第二は「茶入の窯分(かまわけ)」〔注:茶家が鑑賞上の便宜で茶入を系統・作域別に整理した後世の分類〕そのものへの疑義です。すなわち(1)初代~四代の時期設定が室町初頭を降らないとすれば、鎌倉~室町初に茶入がそれほど多く必要だったとは考え難い、(2)四代以降~「後窯(のちがま)」まで約二百年が空白になる不自然、(3)瀬戸における茶入制作が四名にほぼ限られたという想定は史実上困難、(4)五~十二代の事蹟が不明で系譜の連続性が崩れる、などです。

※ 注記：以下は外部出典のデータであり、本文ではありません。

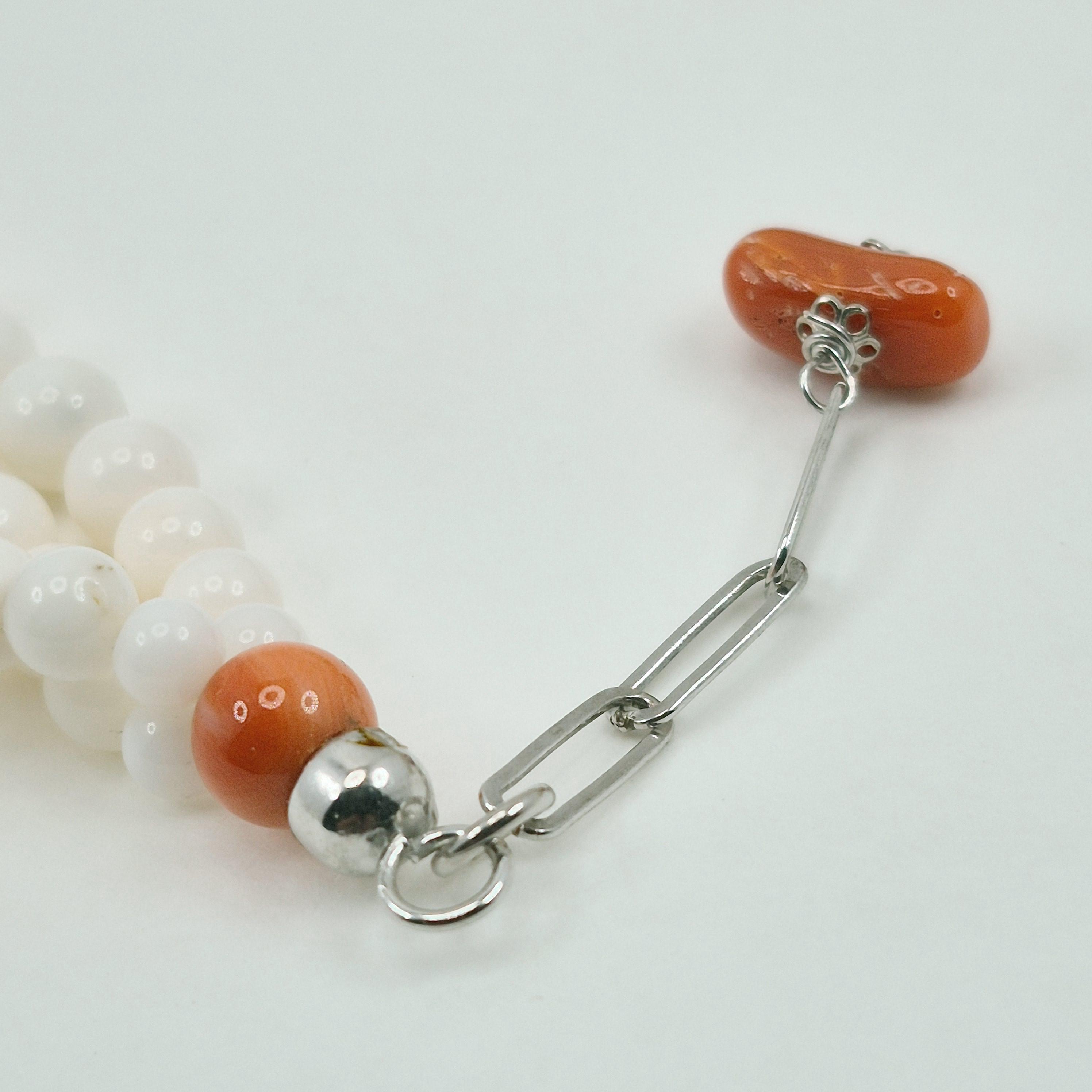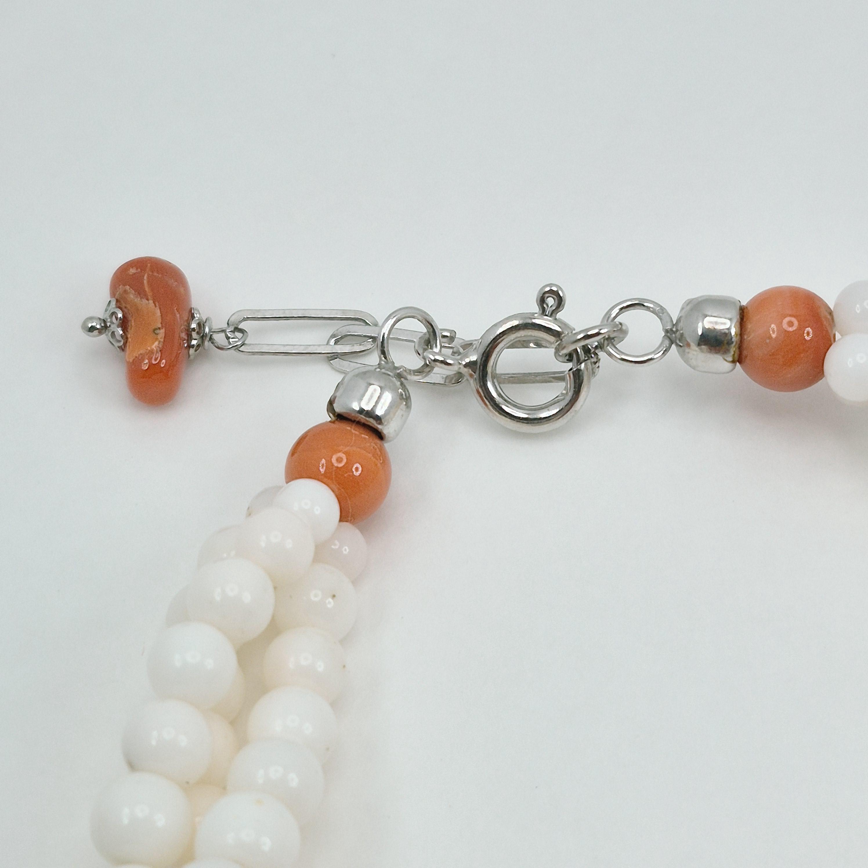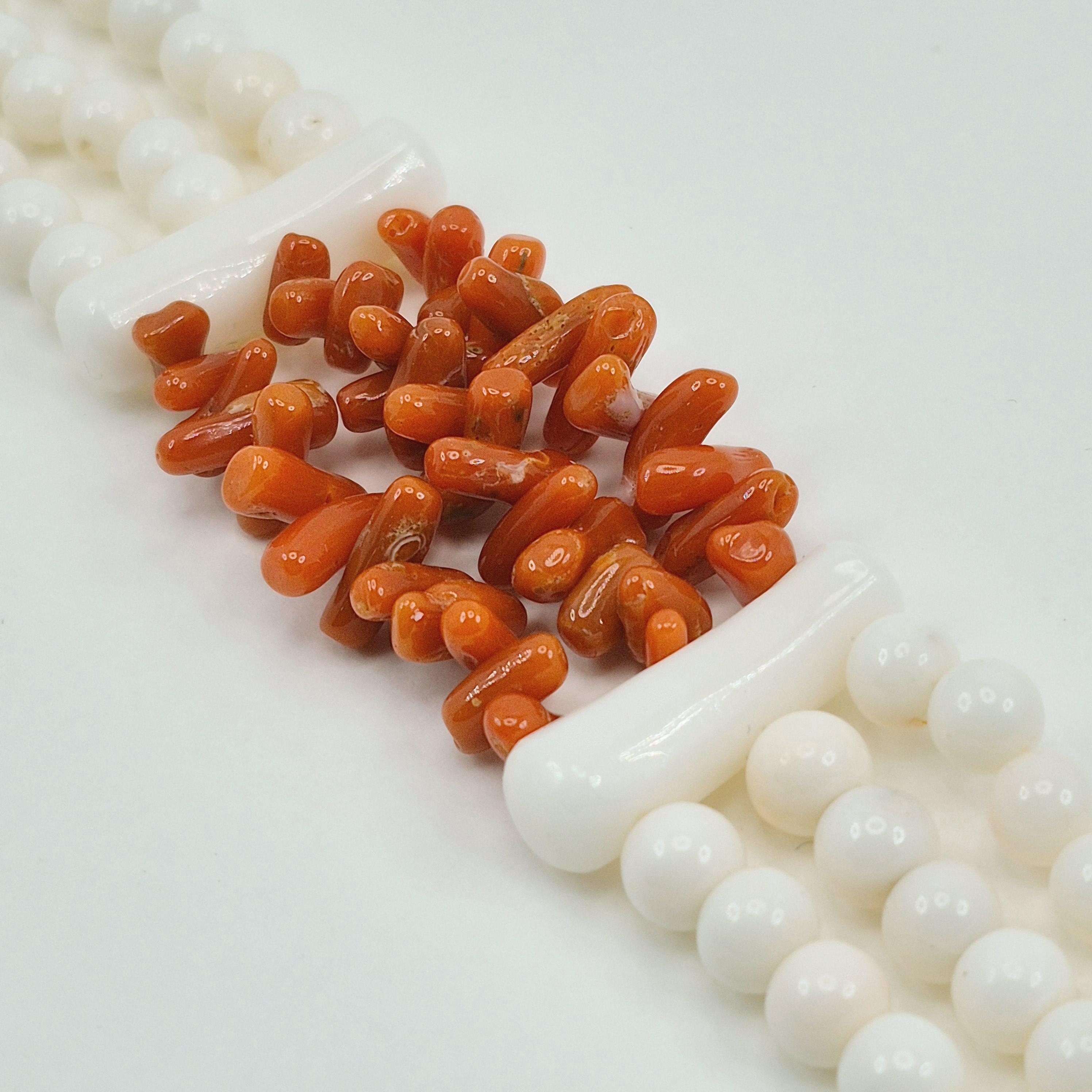 Special and entirely handcrafted bracelet in white coral from the seas of Asia and Mediterranean coral called Sciacca from the seas of Sicily where the coral has a more orange hue due to the Volcano.
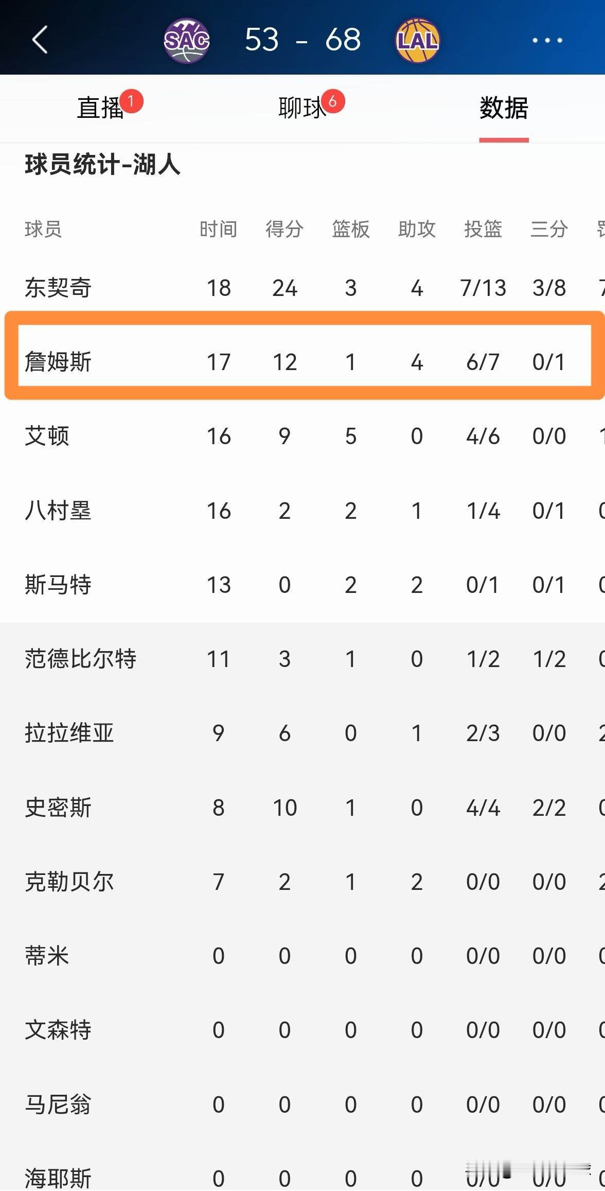 湖人超级巨星詹姆斯真是太让人意外了!在今天湖人主场迎战国王的上半场比赛中,詹姆斯首发出战17分钟,投篮7中6,其中三分球1中0得到12分1篮板4助攻,他的场上正负值为全队最高的+12。 众所周知,在湖人以往的比赛中,詹姆斯的场上正负值经常是全队最低的,可是今天詹姆斯的场上正负值却出乎所有人的意料。
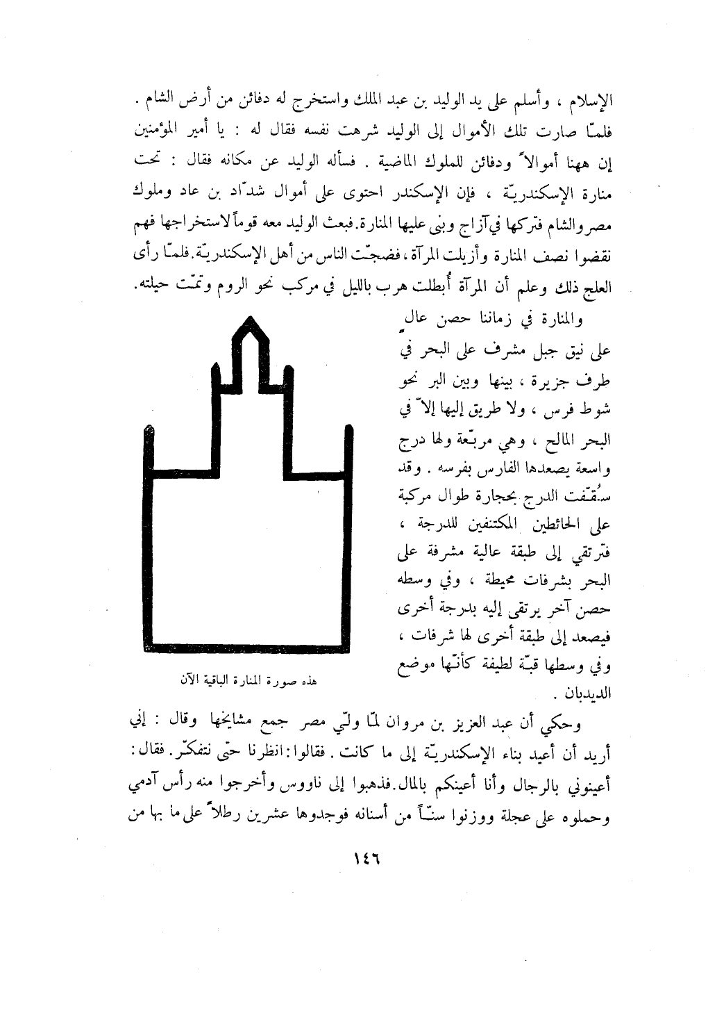 الإسلام، وأسلم على يد الوليد بن عبد الملك واستخرج له دفائن من أرض الشام. فلما صارت تلك الأموال إلى الوليد شرهت نفسه فقال له: يا أمير المؤمنين إن ههنا أموالاً ودفائن للملوك الماضية. فسأله الوليد عن مكانه فقال: تحت منارة الإسكندرية، فإن الإسكندر احتوى على أموال شداد بن عاد وملوك مصر والشام فتركها في آزاج وبنى عليها المنارة. فبعث الوليد معه قوماً لاستخراجها فهم نقضوا نصف المنارة وأزيلت المرآة، فضجت الناس من أهل الإسكندرية. فلما رأى العلج ذلك وعلم أن المرآة أبطلت هرب بالليل في مركب نحو الروم وتمت حيلته.
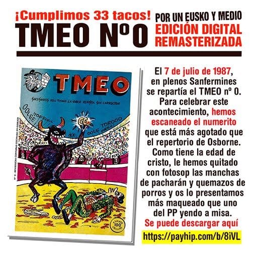El TMEO celebra su 33 cumpleaños con una reedición digital de su primer primer ejemplar que salió a la calle en Sanfermines. Fue el siglo pasado, el 7 de julio de 1987.
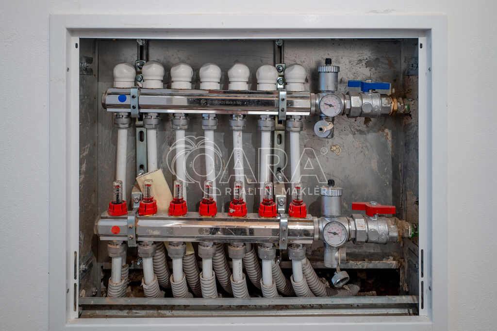 Veškeré technologické zázemí je instalováno ve sklepě. K domu také náleží samostatná garáž.
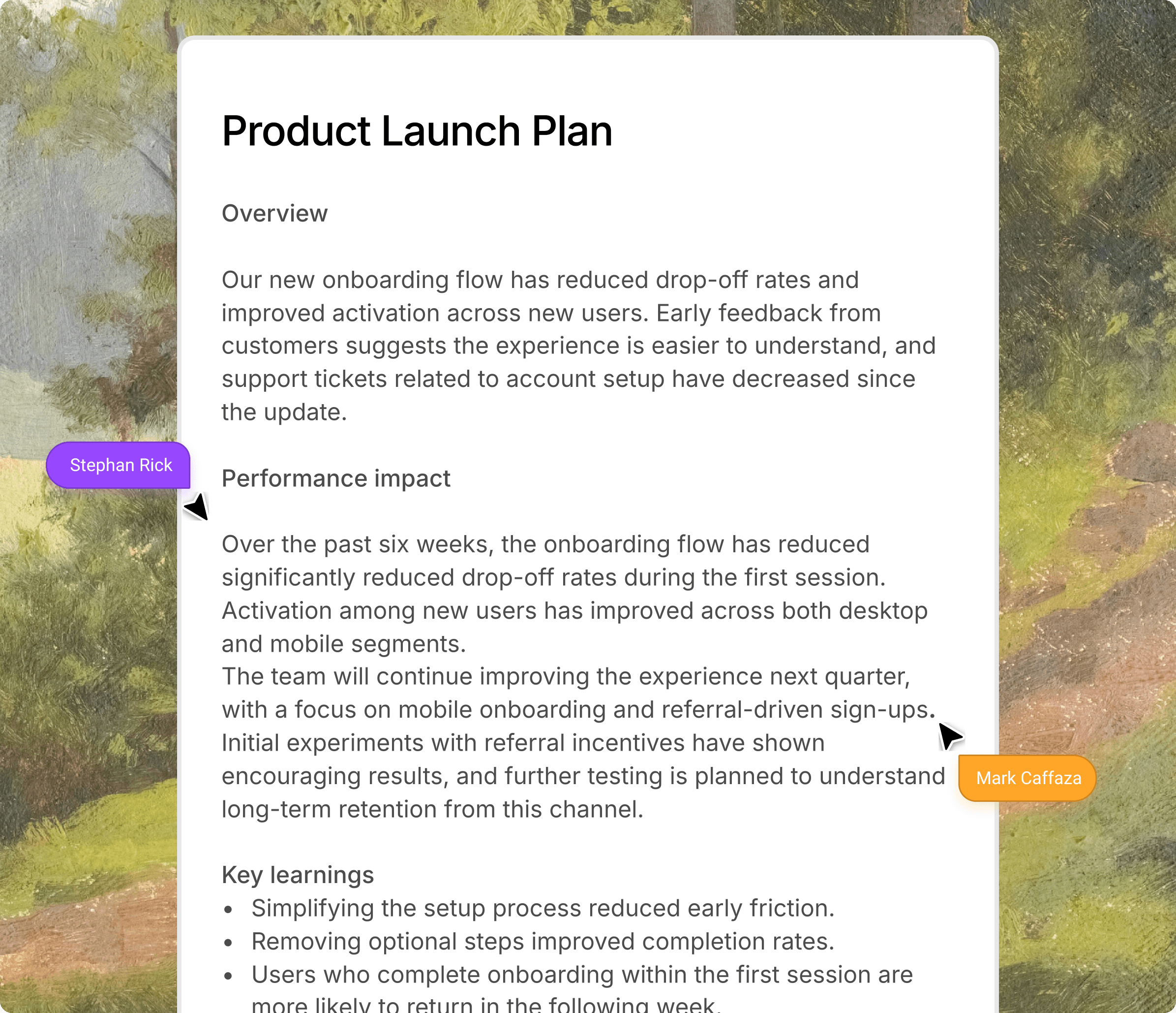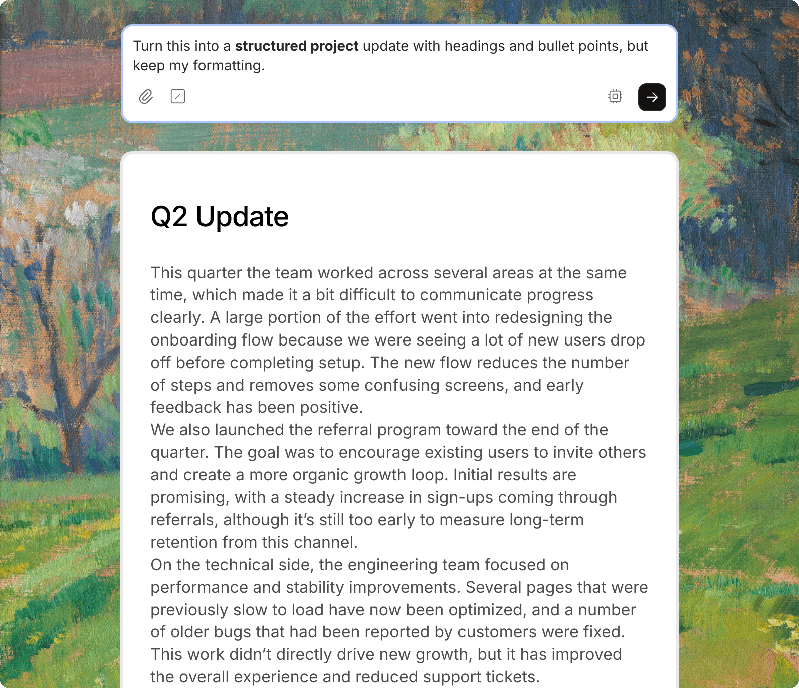 Turn this raw text into a clean, formatted project update
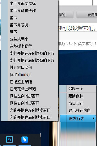 4、除了让Shimeji-ee随意做事,您还可以通过托盘图标或右键单击来手动让它做很多事情。
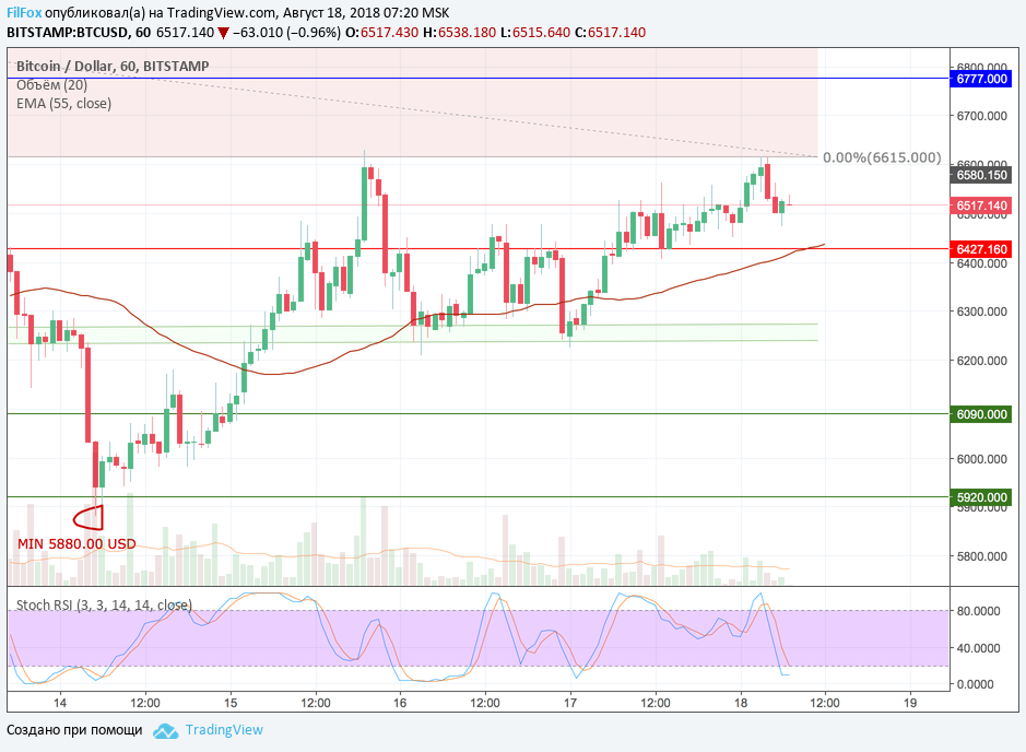 Вчера на малых объёмах цене BTC удалось пробить уровень сопротивления 6427.16 USD. Весь вчерашний день пара пыталась дотянуться до нулевого уровня фибоначчи 6615.00 USD.
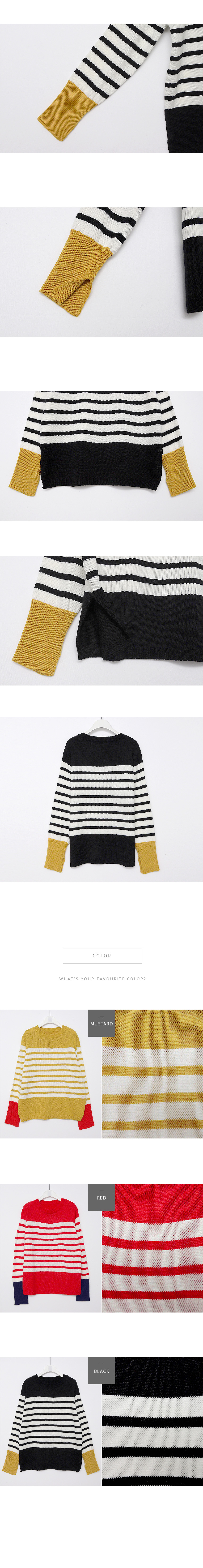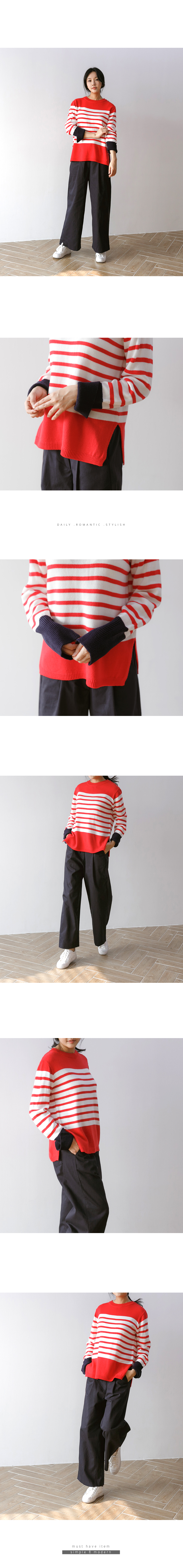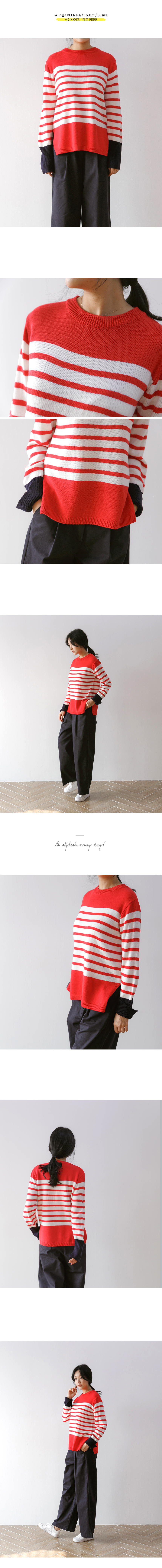 언제나 입기 좋은 두께감과 매트한 아크릴 원사로 가볍고 부드러운 소재감의 스트라이프 니트예요.산뜻한 컬러감과 소맷단의 배색으로 독특하면서도 편안한 무드의 아이템이랍니다^^너무 붙거나 헐렁하지 않은 내추럴한 핏으로 이너로 단독으로 활용도 높은포인트 아이템이에요!색상은 머스터드, 레드, 블랙사이즈는 FREE44~66반▼ 관련상품 : 제르맹 주름 와이드팬츠
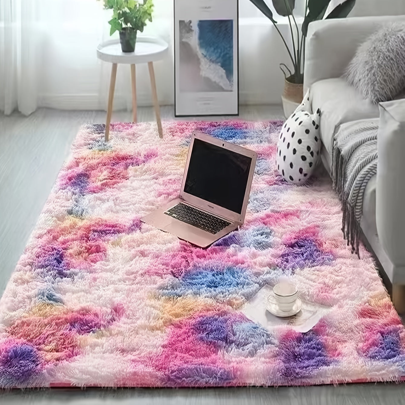 KuschelFarb: Weicher Hochflor Teppich im modernen Farbverlauf-Design aus Polyester – ideal für Wohnräume & Bettseite
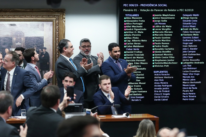 O governo de extrema direita de Jair Bolsonaro(PSL/RJ) conseguiu nesta quinta-feira(4) que os membros da Comissão que analisam a reforma da Previdência, aprovassem o relatório de Samuel Moreira (PSDB-SP), da Proposta de Emenda a Constituição (PEC 006/2019). Por 36 a votos a 13, os deputados concordaram com medidas, por exemplo, que acabam com a aposentadoria por tempo de contribuição e institui a idade mínima para de 62 anos (mulheres), com 15 anos de contribuição e 65 (homens), com 20 anos de contribuição. Para se aposentar com benefício integral será necessário contribuir por 40 anos.

史料上の議論としては、文禄四年(1595)奥書を持つ『別所吉兵衛一子相伝書』、系譜を再検討する『新編瀬戸窯系統譜考』、評価基準を示す『大正名器鑑』等がしばしば引かれ、藤四郎の時代を鎌倉から引き下げ、室町末~戦国に位置づける見解や、「真中古」を“中興(ちゅうこう)後の真作域”と捉え直す説もあります。要するに藤四郎像は伝説と後世の茶の湯的評価が重なった仮構を含み、成立年代・技法伝播・窯場編年の三点で再検証が続く主題といえるでしょう。

要約(300〜500字)
藤四郎時代は、初代・加藤藤四郎景正から四世・政蓮までを指す通称で、瀬戸における天目釉創始と茶入制作の由緒を語る中核伝承です。通説では、景正が1223年入宋・1228年帰国後、赤津で祖母懐土を得て瓶子窯を築き、宋風天目を焼いたとし、以後二~四代が「真中古」「中古」「破風窯」などの作域で継承したとされます。しかし、(1)施釉は平安灰釉に遡り天目は室町初頭に漸成、(2)喫茶需要の少なさ、(3)渡宋土・釉携行の非現実性、(4)赤津瓶子窯の年代不一致などから、伝承の時代観・技法伝来・窯編年に大きな疑義が提起されています。『一子相伝書』『新編瀬戸窯系統譜考』『大正名器鑑』等は、藤四郎像を室町末~戦国に再配列し得る可能性を示し、藤四郎伝説は茶の湯的分類「窯分」と相互補強しつつ形成された後世的構築も含むとして、今後の再検討が求められています。

【関連用語】

  • 天目釉(てんもくゆう):高鉄釉による黒~黒褐色の釉。宋~元の天目碗を範とし、瀬戸でも茶器に応用。
  • 祖母懐(そぼかい):赤津周辺で称された鉄分を含むやや粗質の土。茶入・茶壺に多用。
  • 瓶子窯(へいしがま):瓶子を主に焼く窯、またはその工房系統の呼称。
  • 飴釉(あめゆう):褐色透明の鉄系釉。鎌倉中期に発達し仏器・雑器に広がる。
  • 破風窯(はふがま):室町~戦国の作域名・窯呼称。口縁に釉留まりが出る造作を特徴とする。
  • 真中古(しんちゅうこ):後世の茶の湯的分類名(真中興の意とされる)。初代古瀬戸と区別する系統名。
  • 茶入(ちゃいれ):抹茶収納の小壺。文琳・茄子・肩付など多様な器形名がある。
  • 窯分(かまわけ):茶家が鑑賞・目利き上の便宜で設けた後世の分類枠。史実そのものではない。
  • 加藤藤四郎景正(かとう とうしろう かげまさ):瀬戸の陶祖とされる人物。入宋・天目創始は伝承要素が強い。
  • 赤津(あかづ):瀬戸市南東部の古窯集積地。施釉中世陶の中心域として知られる。